The one challenge is that the symbols returned with this process contain both things that will be emitted as well as type only exports (like interfaces) which are erased during the emit. So we need to refine the list a bit further:
const rootExports = checker
.getExportsOfModule(rootSymbol)
.filter(
(sym) =>
!(
sym.flags & ts.SymbolFlags.Interface ||
sym.flags & ts.SymbolFlags.TypeLiteral ||
sym.flags & ts.SymbolFlags.Signature ||
sym.flags & ts.SymbolFlags.TypeParameter ||
sym.flags & ts.SymbolFlags.TypeAlias ||
sym.flags & ts.SymbolFlags.Type ||
sym.flags & ts.SymbolFlags.Namespace ||
sym.flags & ts.SymbolFlags.InterfaceExcludes ||
sym.flags & ts.SymbolFlags.TypeParameterExcludes ||
sym.flags & ts.SymbolFlags.TypeAliasExcludes
),
)
.map((sym) => sym.getName());
Then all we have to do, is with the bundle returned from the TypeScript compiler on emit, is to re-export all the named exports from the root module. We add this to the bundle, and that might look something like this:
const __rootExports = instantiate("oak");
export const Application = __rootExports["Application"];
export const Context = __rootExports["Context"];
export const HttpError = __rootExports["HttpError"];
export const composeMiddleware = __rootExports["composeMiddleware"];
The future
Even shipping the named exports isn't the end of the road for bundling. We want to be able to emit declaration files for the bundle, along side of the single JavaScript file. This will make it easier to consume a bundle in a type safe way.

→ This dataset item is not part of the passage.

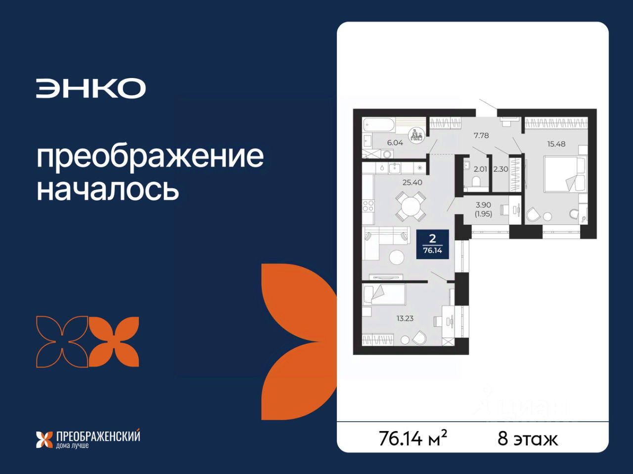 2-комн. квартира от застройщика с предчистовой отделкой в ЖК "Преображенский" на 8 этаже. Общая площадь: 76.14 кв.м., жилая: 28.71 кв.м., площадь просторной кухни-столовой: 25.4 кв.м. Квартира угловая, очень светлая, естественная вентиляция при открытии окон. В квартире одна лоджия, один раздельный санузел. Высота потолков 2.7 м.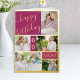 Carte d'anniversaire en feuille d'or de luxe que vous pouvez personnaliser avec un nom, n'importe quel âge et 5 photos sur le devant ainsi qu'un accueil d'anniversaire personnalisé à l'intérieur. Le modèle photo est configuré pour créer automatiquement un collage photo de portraits verticaux, de paysages horizontaux et d'images au format carré. Si vous avez des problèmes avec le placement d'image, vous pouvez soit rogner votre photo à la bonne forme et re-télécharger ou vous pouvez cliquer sur "modifier à l'aide de l'outil de conception", puis cliquez sur la photo vous donnant le problème et utilisez le bouton "rogner" pour repositionner.

We also need generate source maps for the bundles. Because we have to wrap the output with the loader and the named exports, the source map that is generated is invalid. So we need to modify the source maps quickly and efficiently when generating the bundle.

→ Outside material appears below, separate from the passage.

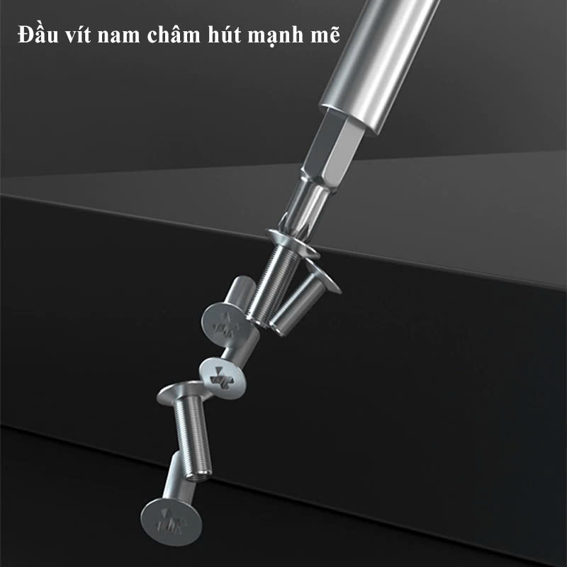 Đầu tuốc nơ vít đều được tích hợp nam châm => dễ dàng bắt ốc

I am currently in the process of exposing user friendly compiler APIs in the
runtime environment in Deno. So in the near future, you as a user will be able
to do Deno.bundle()
and get returned to you effectively the same bundle as if
you did it on the command line. The ability to do "on the fly" transpiles as a
sever becomes realistic in Deno, without other tooling. You can also tweak the
compiler configuration, so it becomes a bit more realistic to generate a bundle
for something on the browser. deno bundle
is specifically opinionated to work
well as Deno as the runtime, but the fact that it is an ES module does mean it
can likely be directly loaded in a lot of browsers, but that isn't what it is
designed for. Giving runtime access to both compiling, transpiling, and bundling
should allow users more fine grained control including the ability to do pre or
post processing to make sure it suits their needs.
Eventually the bundle should be able to be generated into a snapshot and provide a single binary executable that can be used. In particular for edge computing, having all the code and the runtime bundled together is a compelling case.